Geo-targeting is just getting started by big brands and multi-location retailers. According to Street Fight’s latest survey, 17% of them collect location data in service of their local marketing efforts. At the same time, as shown above, location data and mobile push offerings that could be powered by it top the list of new technologies those marketers are interested in exploring. We took a look at the early adopters, those that collect location data, to identify what other marketing approaches characterize them:

  • They’re not the biggest companies among our survey respondents – telecom and technology sellers are over-represented, vs. retail – but they’re increasing the local mix of their digital budgets aggressively. A higher-than-average percentage of them are increasing spending across the board on digital tactics, including email and local sites (69% each), online display and social media (64% each) and mobile (57%).
  • So far, they’re using geo-targeting at about the same rate as other enterprise local marketers, so they’re applying that data to some of the other objectives mentioned.

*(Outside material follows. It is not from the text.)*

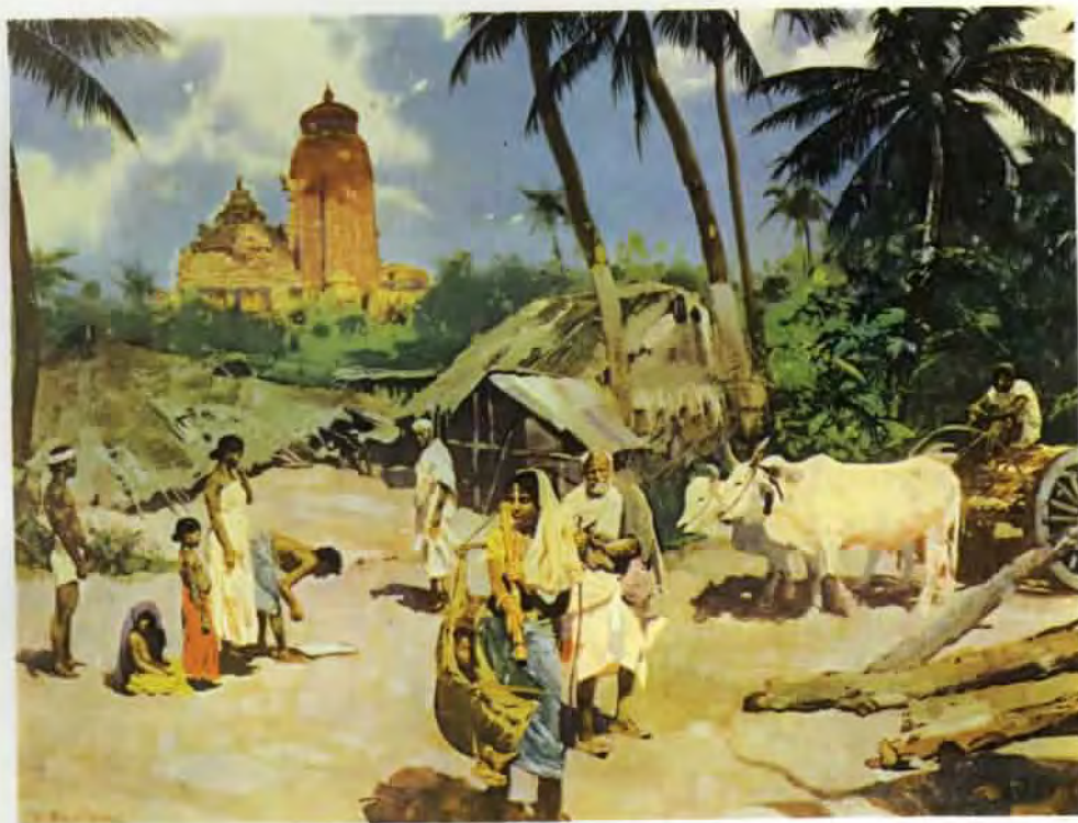
Na indické vesnici — olej z roku 1930; tento obraz je součástí cyklu Země a lidé

Plus they’re far more likely to deploy location data along with other types across multiple campaigns. Twice as many of them are interested in real-time location data, although they’re average in their interest in mobile push.
  • Their customer service department or IT group often is the owner of that data. Marketing technology and budget decision-making tends to be a joint effort between headquarters and local or regional management. They’re a little more distributed in that regard than most enterprise local marketers.
  • There’s some evidence to suggest that location data collection correlates with success at different marketing objectives, particularly towards the bottom of the marketing funnel (upselling, customer retention, customer support).
  • They’re heavy users of third-party data management platforms (DMPs), and they’re more than twice as likely to use multi-touch attribution techniques. At the same time, they’re more likely than most to cite managing multiple sources of data as their most difficult digital marketing challenge. 

These early adopters of location data are great prospects for suppliers of local marketing and commerce technologies. They’re sophisticated in their attribution and audience analysis, yet they have a little trouble with multiple data sources and with managing multiple suppliers. Helping them integrate location data with their other sources of customer and prospect information, and applying it to multi-channel campaigns and attribution should match their hot buttons.

David Card is Street Fight’s director of research.